Based in Bloomfield, Conn., Kaman Corporation conducts business in the
aerospace, industrial distribution and music markets. Kaman operates its
aerospace business through its Aerostructures, Fuzing, and Helicopters
divisions and its Kamatics subsidiary providing subcontract aerostructure
manufacturing for military and commercial aircraft, missile and bomb fuzing
products, SH-2G and K-MAX helicopters, and proprietary aircraft bearings and
products. Principal aerospace facilities are located in Connecticut, Florida
and Kansas.
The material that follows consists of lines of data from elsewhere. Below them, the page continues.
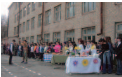
The Navruz Festival in the school courtyard▲

In present-day Uzbekistan, there are still heavy demands and expectations on women to do housework and child rearing. In this context, there are increasingly more cases of women being chosen as mahalla representatives. The mahalla representatives and women's committee members must tackle many problems related to collaboration with schools and aid to women in the mahalla , while balancing these duties with their housework and child rearing responsibilities. The activities of the mahalla women in Uzbekistan encompass the problems faced by the women themselves. The activities carried out by these women are not only for the children's sake but also for the bright future of these women themselves.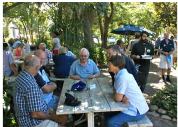
Above: This is your life. Do what you love and do it often. If you don't like something, change it. Stop over analysing. Life is simple. Open your mind, arms and heart to new things and people.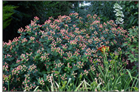
FloralBerry Rosé St. John's Wort fruit

FloralBerry Rosé St. John's Wort will grow to be about 3 feet tall at maturity, with a spread of 3 feet. It tends to fill out right to the ground and therefore doesn't necessarily require facer plants in front. It grows at a medium rate, and under ideal conditions can be expected to live for approximately 5 years. This is a self-pollinating variety, so it doesn't require a second plant nearby to set fruit.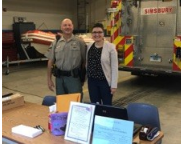
Pictured above is the Animal Control Officer and Town Clerk at the Microchip Clinic on June 23, 2018

It is the mission of the Town Clerk's Office to serve as the liaison between the local government and the residents and patrons of Simsbury, making sure that information is easily accessible and reliably provided, all while delivering the highest quality of customer service.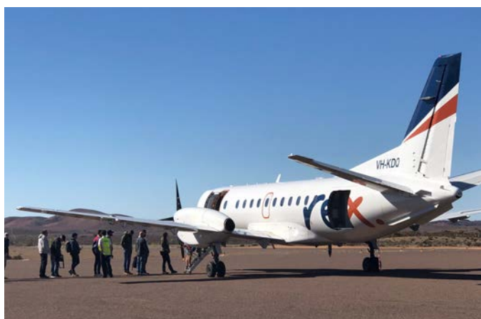
Leigh Creek Aerodrome has been a hive of activity with the SA Water Pipeline workers flying in and out and many other visitors too.

Changes to the the Leigh Creek Dump opening times will now be: Saturday 10am - 2pm Tuesday 10am - 2pm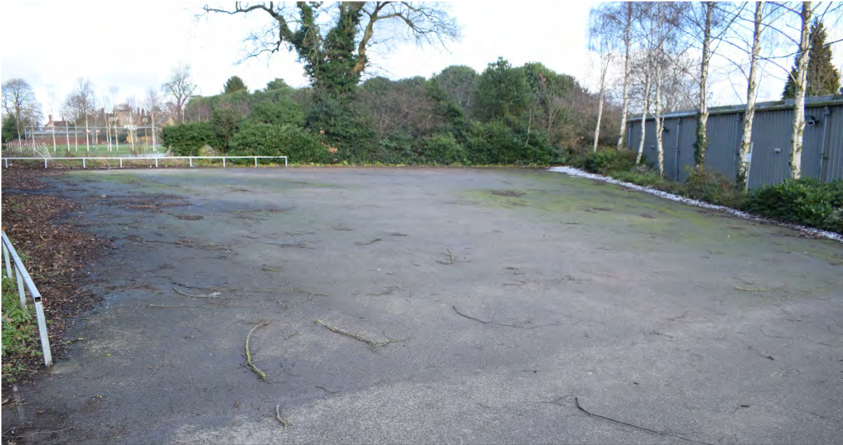
Overflow Carpark within Whitehall Rec – RBC Would require lease of area to GLL – GLL have stated they would want RBC to mark and install lighting completed before they would lease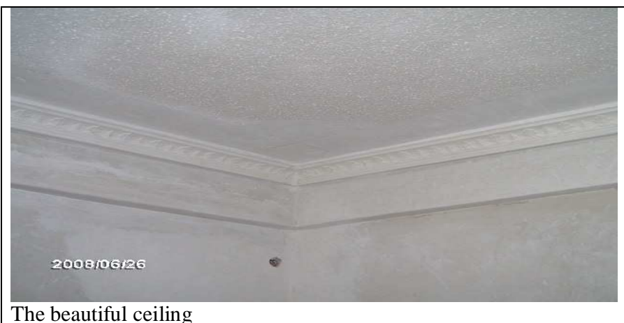
The beautiful ceiling

Window blinds have also been set-up in the offices. The ceiling has been nicely done and oil waiting to be painted.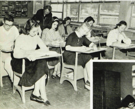
The French III students are busily working in their notebooks.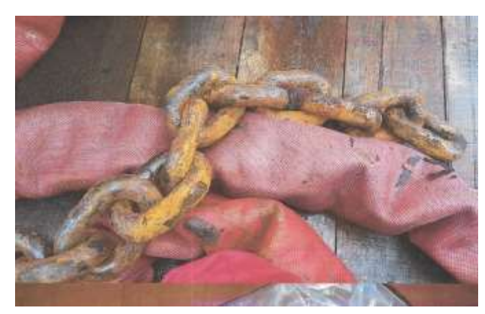
Chain link and protective cover

A member has reported an incident in which a chain parted during the recovery of a hyperbaric lifeboat (HLB) during routine testing and maintenance. On recovery of the HLB the vessel crane started the lift and when the weight on the crane load readout was approximately 7 tonnes, one leg of the chain set parted when two links split through their link ends. Since the HLB had not yet been fully lifted out of the water the drop was minimal and the parted chain dropped back onto the top of the HLB. There was no damage to the HLB shell due to the soft covering over the chain links.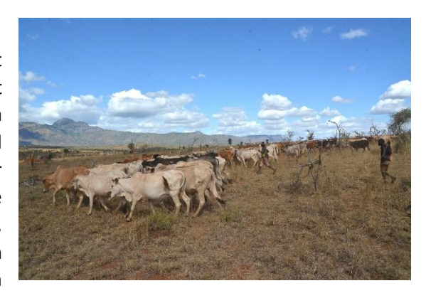
Cattle grazing in LUMO conservation area in Taita Taveta County in Kenya front of the humid highlands of Taita Hills. Photograph credits: Petri Pellikka, 2018.

The project aims to contribute to the pastoralist households' transition towards climate-smart agropastoral systems in sub-Saharan Africa (Ethiopia and Kenya) by understanding the dynamics of and interlinkages between tropical upland forest cover and semi-arid lowland landscapes, and the multifunctionality of agropastoral landscapes, through a system-wide view of food and nutrition security, diversified livelihoods and ecosystem sustainability leading to improvements.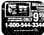
Miracle Trim for only $9.95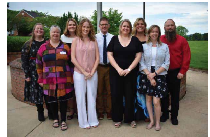
Class of 1999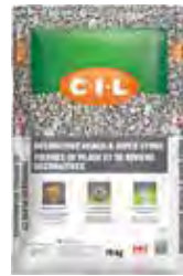
C-I-L® Decorative Beach & River Stone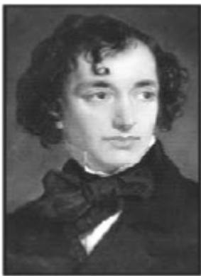
Benjamin Disraeli 1804-1881

Revealed that members of the same tribe had hijacked the motion picture, sport and entertainment business and controlled the American Media and were leading America to ruin: wrote "You don't need the League of Nations to end wars. Gather together the fifty most wealthy Jewish Financiers who create wars for their own profit - control them and you will put an end to it all". The International Jew .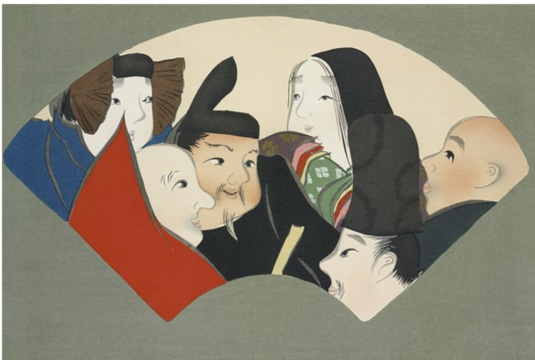
Rokkasen from Momoyogusa—Flowers of a Hundred Generations (1909) Kamisaka Sekka

Move to slide 22 and instruct your students to choose one of the works of art and to compose dialogue for this character. The section of dialogue should be in response to the prompt: "How am I feeling? What am I thinking?" Students should review the examples of internal and external dialogue from their handout, review the rules for punctuating dialogue, and choose a work of art from the Dialogue Art choices. Once they have done this, instruct them to write four sentences of dialogue in which their character responds to the prompt: "How am I feeling? What am I thinking?" They should use external dialogue between characters, internal dialogue, or both, and they should imagine an event or situation that is driving this dialogue.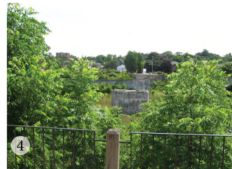
4 Lookout area - View of proposed river crossing.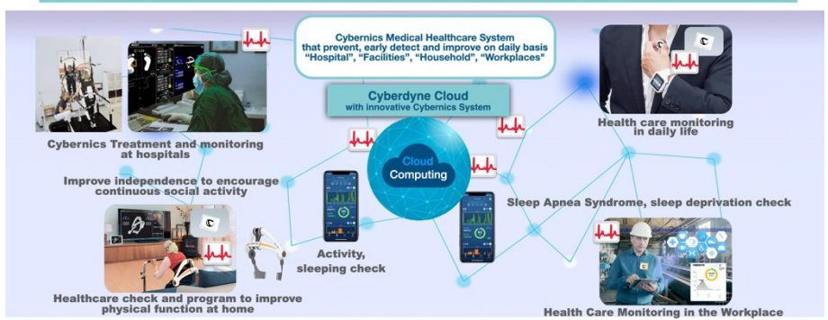
Seamless data linkage between hospitals, facilities, homes, and workplaces with IoH/IoT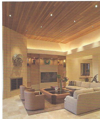
Eco Downlight by CSL® Creative Systems Lighting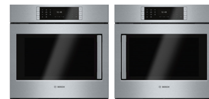
Left or Right Side Open *without Air Fry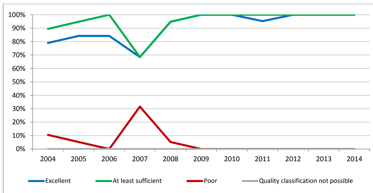
Figure 1: Coastal bathing water quality trend in Slovenia. Note: the "At least sufficient" class also includes bathing waters of "Excellent" quality class, the sum of shares is therefore not 100%.

In Slovenia, all existing coastal bathing waters met at least sufficient water quality standards in 2014. See Appendix 1 for numeric data.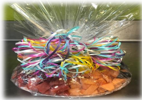
More Than a Mini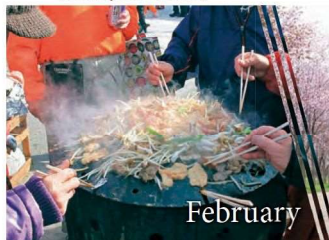
Tomakomai Skate Festival (shibareyaki barbecue)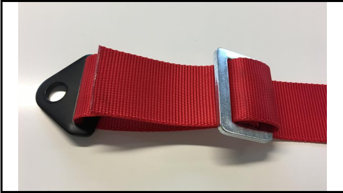
A1-1) Position / Position : left shoulder strap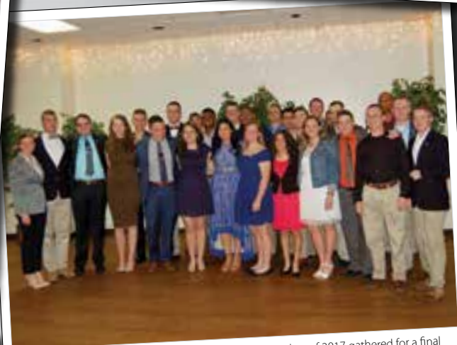
On May 4, the Highty-Tighties' newest alumni from the class of 2017 gathered for a final time before graduation at the annual Highty-Tighty Banquet.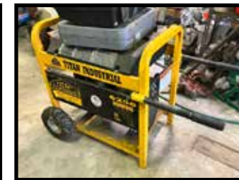
Titan Industrial 6250 electric generator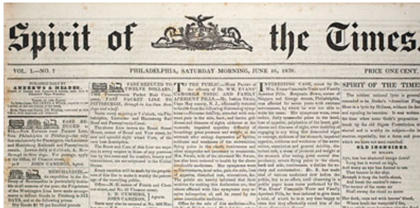
Fig. 2. Detail from front page of Spirit of the Times newspaper, Saturday morning, June 16, 1838, Philadelphia, Pennsylvania.

readers might find five to 20 items in a four-page paper—mostly foreign correspondence, editorials, and political essays, many running for more than a page and continuing from one issue to the next—in 1850, a four-page paper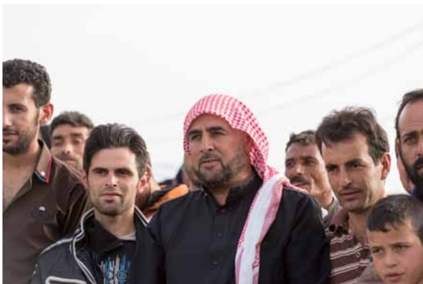
Residents at a Syrian refugee camp in the Beqaa Valley of eastern Lebanon prepare to greet Secretary-General Ban Ki-moon during his visit there today. 25 March 2016 Photo # 668845

(2) A terrorist act has never been committed by a refugee in Canadian history. Despite this fact, Canadians have often viewed refugees with fear and suspicion. Canada has made the mistake of believing entire groups of people guilty by association in the past, for example, when it placed Japanese and German people in internment camps during World War Two. This is a very dark and shameful chapter in Canadian history, and we must be careful not to repeat it.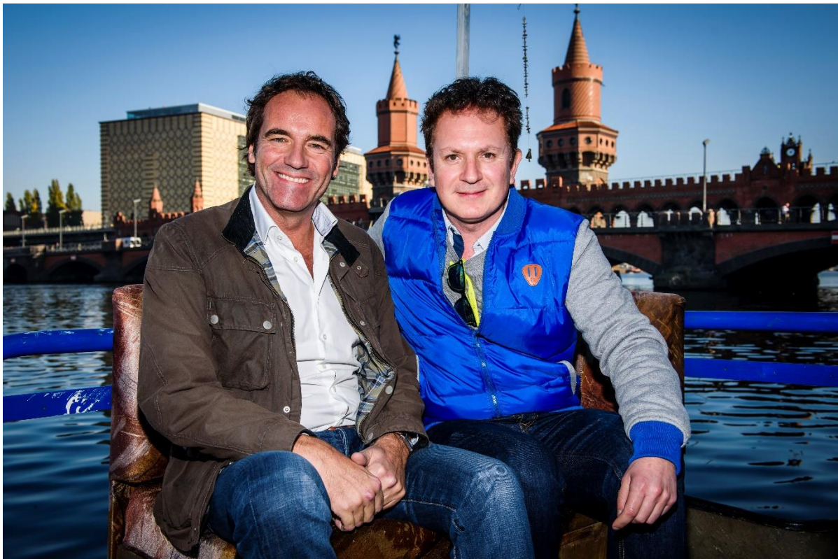
Second meeting at preview of HISTORY docusoap "Käpt'n Kasi - Auf hoher Spree" aboard a ship called 'MS Rhein' near Berlin's Oberbaumbruecke on November 3, 2015 in Berlin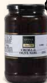
Crema di Olive Nere Black Olives Patè CODE: FSE003 - 520g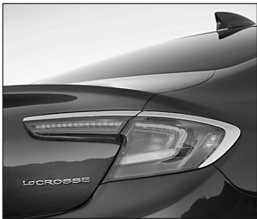
Rear view of the 2017 LaCrosse.

matched by wheels pushed outward 1.3 inches in the front and 1.1 inches in the rear, while the car's width has grown only 0.4-inch, creating a wheels-at-corners stance intended to convey road confidence.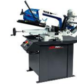
PILOUS ARG 220 PLUS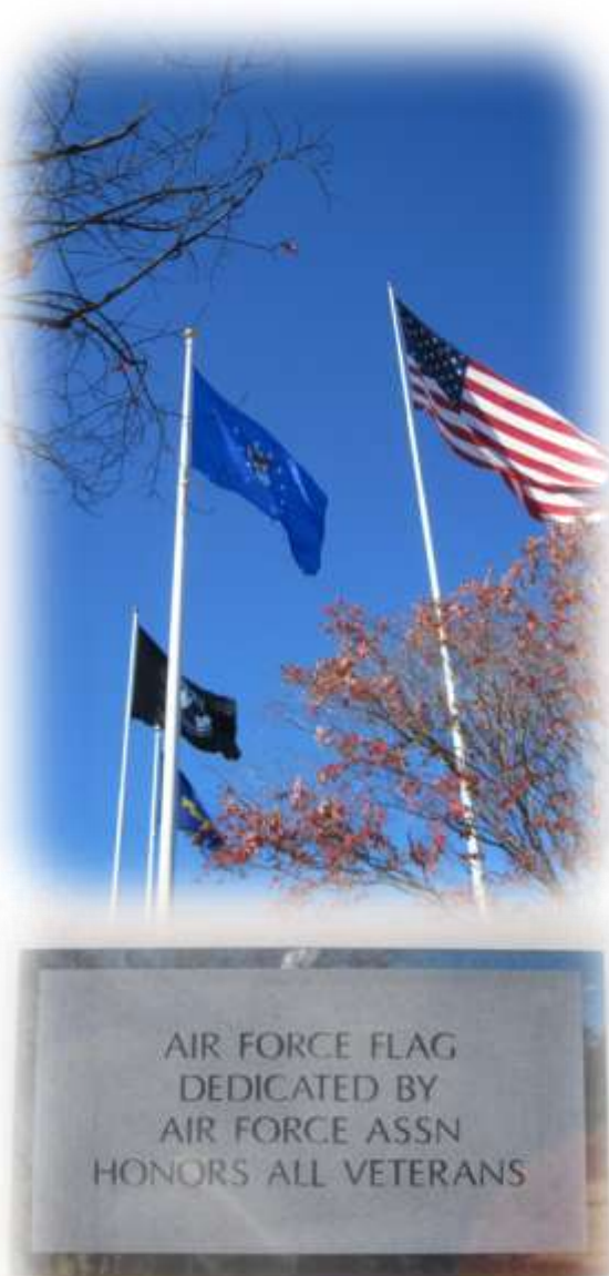
AF Flag Flies Proudly!

Kaman is the third largest North American distributor of power
transmission, motion control, material handling and electrical components and
a wide range of bearings offered to a customer base of more than 50,000
customers representing a highly diversified cross-section of North American
industry, with principal facilities in Alabama, California, Connecticut, New
York, Indiana, Kentucky and Utah. Kaman is also the largest independent
distributor of musical instruments and accessories, offering more than 17,500
products for amateurs and professionals, with principal facilities in Arizona,
Connecticut, California, New Jersey and Tennessee.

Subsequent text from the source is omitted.